Findings


This section presents our key findings and discussion on the two research questions identified above. First, we explore the participant's understandings of project management and identify any gaps that may exist. Then we look at the process of selling project management and the interaction patterns between the buyer and seller.

Understandings of Project Management and Its Value

Initially, when we asked the participants to describe project management and brainstorm words around it, they described it as a linear type of activity, much like the definition provided in A Guide to the Project Management Body of Knowledge (PMBOK Guide) – 1996 Edition. "A project is a temporary endeavor undertaken to create a unique product or service" (Project Management Institute 1996, 167). "Project management is the application of knowledge, skills, tools, and techniques to project activities in order to meet or exceed stakeholder needs and expectations from a project" (Project Management Institute 1996, 167). These definitions are tactical in that they address tools, techniques, and skills. They also refer to a simple value statement of either meeting or exceeding expectations. The participants we interviewed described project management in tactical terms so it is understandable that as we asked them questions on selling project management, their approaches were tactical. None of the participants initially described project management as a philosophy and none referred to specific project management methodologies. In general, senior executives hold a fairly consistent, albeit basic, understanding of project management.
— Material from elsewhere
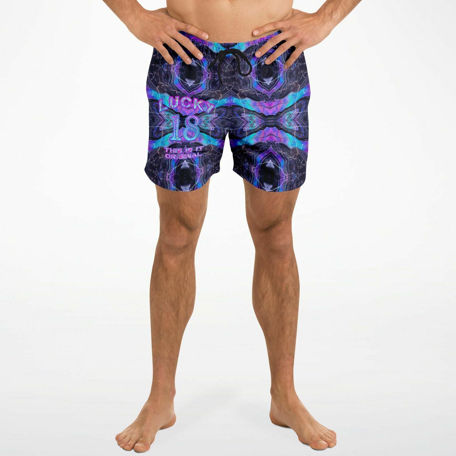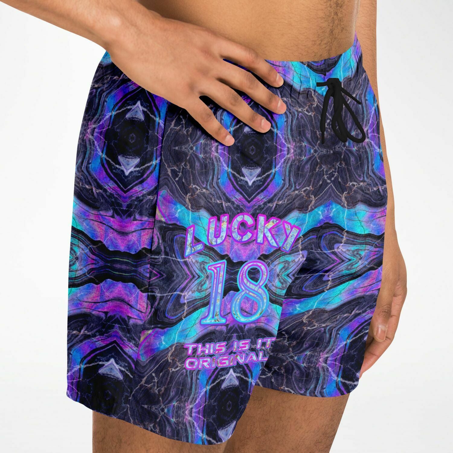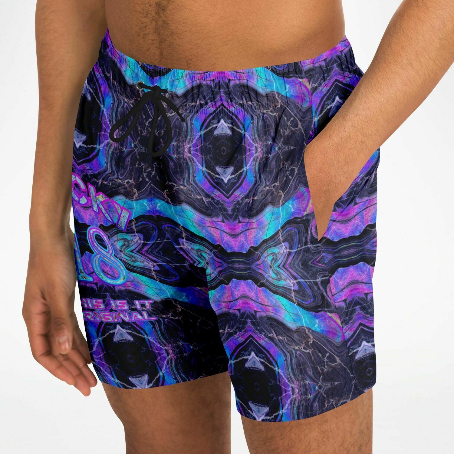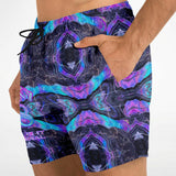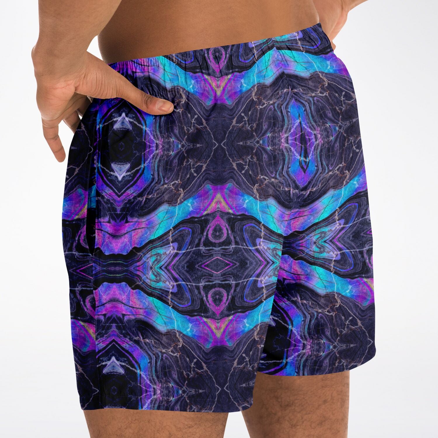 Neon Colors with Black Marble and Galaxy Design on Swim Trunks for Men's

Although this initial definition gave the impression that project management principles were well understood in terms of the PMBOK Guide, further questioning revealed a diverse understanding of project management. Some participants viewed it as a tool or technique and others viewed it as a lifestyle, something that was ingrained in them they believed. Some described it as "part of their makeup" or an innate potential. It was described in religious terms on more than a few occasions and practitioners indicated they had "found the religion of project management" and described themselves as "converts." However, the majority of executives provided less passionate or detailed depictions. They tended to describe project management as either a very high conceptual issue or as a tactical toolbox for getting things done. The consultants were the only group that described project management in strategic terms such as "a core understanding or belief, scalable, flexible, and related to shareholder value."
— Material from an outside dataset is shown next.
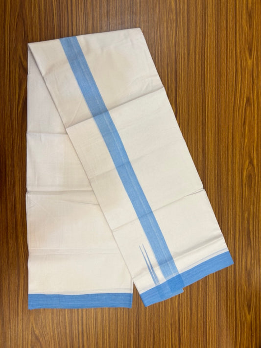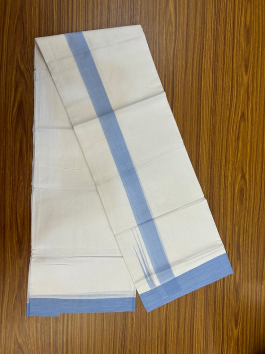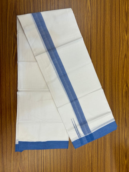 20% Discount ! Kaitharikada Balaramapuram 100% Cotton Pure White Double Mundu/Dothi - 100x80 - 1.5 inch Puliyilakkara Sky Blue Chutty Kara 3.90 mtr (8 muzham) - 91 KK5285 VAS

Looking at the understandings of project management expressed by our participants in another way, we explored the tactical versus strategic understandings held by the buyers (senior executives, CEOs, CIOs) versus sellers (consultants, project manager practitioners) group. When project managers were asked to comment on the value of project management, their feedback reflected its importance and worth relative to projects, e.g., use a proven, structured methodology to show project results. One described it as an "insurance policy." Another described it as having the right people do the right thing at the right time. Many related the value to the project management priority triangle of "on time, cost, and scope."
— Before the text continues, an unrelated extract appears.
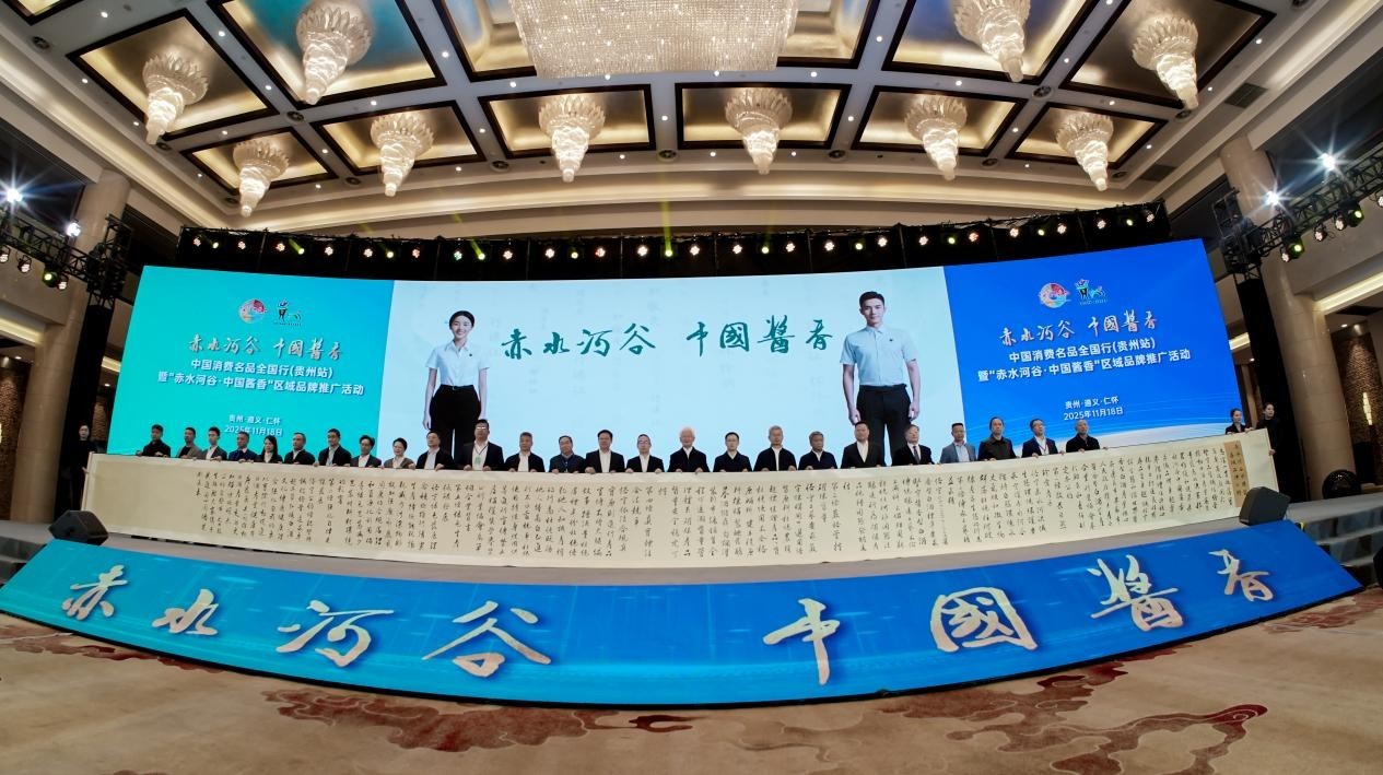 来源: 安酒集团 发布日期: 2025-11-192025年11月18日,中国消费名品全国行(贵州站)活动在茅台国际大酒店隆重启幕,同期举办的“赤水河谷 中国酱香”区域品牌推广活动成为焦点。活动中,贵州安酒与茅台、习酒等业内领军者共同入选“赤水河谷 中国酱香”区域品牌首批企业矩阵,标志着其在产区内的核心地位与品牌公信力获得权威认可。

The value of project management varied widely across our participant groups. To project managers, its value related to being more efficient and effective and helped them with their track records and career paths. As such, they focused on tactical strategies in selling project management (features, attributes) because these were the values of importance to them. To many in this category, the value of project management was so obvious it almost didn't bear explaining. The value of project management to large-scale consultants rested in increasing revenue through sales and establishing their presence on accounts. They preferred to focus on strategic level outcomes and to sell project management at that level; however, they were willing to focus on whatever benefits the client wanted to buy. Small-scale consultants were also interested in revenue but tended to sell project management benefits relative to their individual skills and expertise. The value of project management to executives related to being more efficient and effective in their business capacities and ultimately with their careers. They wanted to buy services that were aligned to their strategic business and personal goals. They were far more interested in buying tools or techniques that impacted strategic outcomes than those aimed at improving or sustaining innovative business operations.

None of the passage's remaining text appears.